## TASK REQUIREMENTS
Exactly reproduce the lines from the line bearing "- 福登(曼城):总下跌6000万欧,现身价8000万欧" through the end of the listing, inclusive of both; pictures are to be omitted.

## INFORMATION SHOWN
== Segment start ==

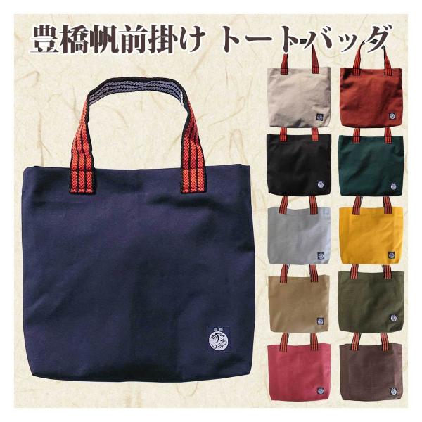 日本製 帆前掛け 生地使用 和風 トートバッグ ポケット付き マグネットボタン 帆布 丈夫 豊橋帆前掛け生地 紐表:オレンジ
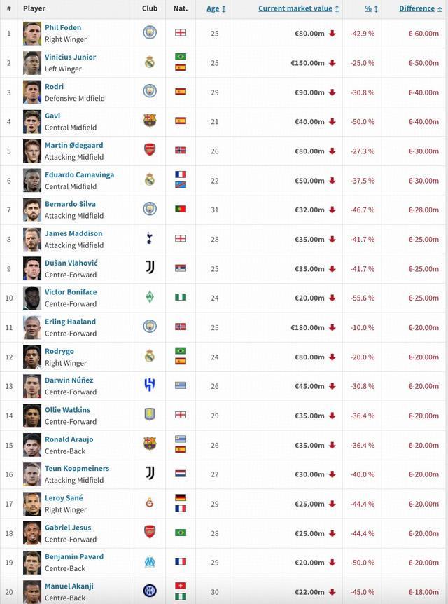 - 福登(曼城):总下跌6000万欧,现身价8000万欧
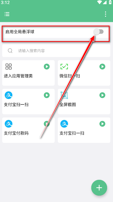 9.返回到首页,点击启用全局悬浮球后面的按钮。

== Segment end ==

## RESPONSE AREA
 - 福登(曼城):总下跌6000万欧,现身价8000万欧
 9.返回到首页,点击启用全局悬浮球后面的按钮。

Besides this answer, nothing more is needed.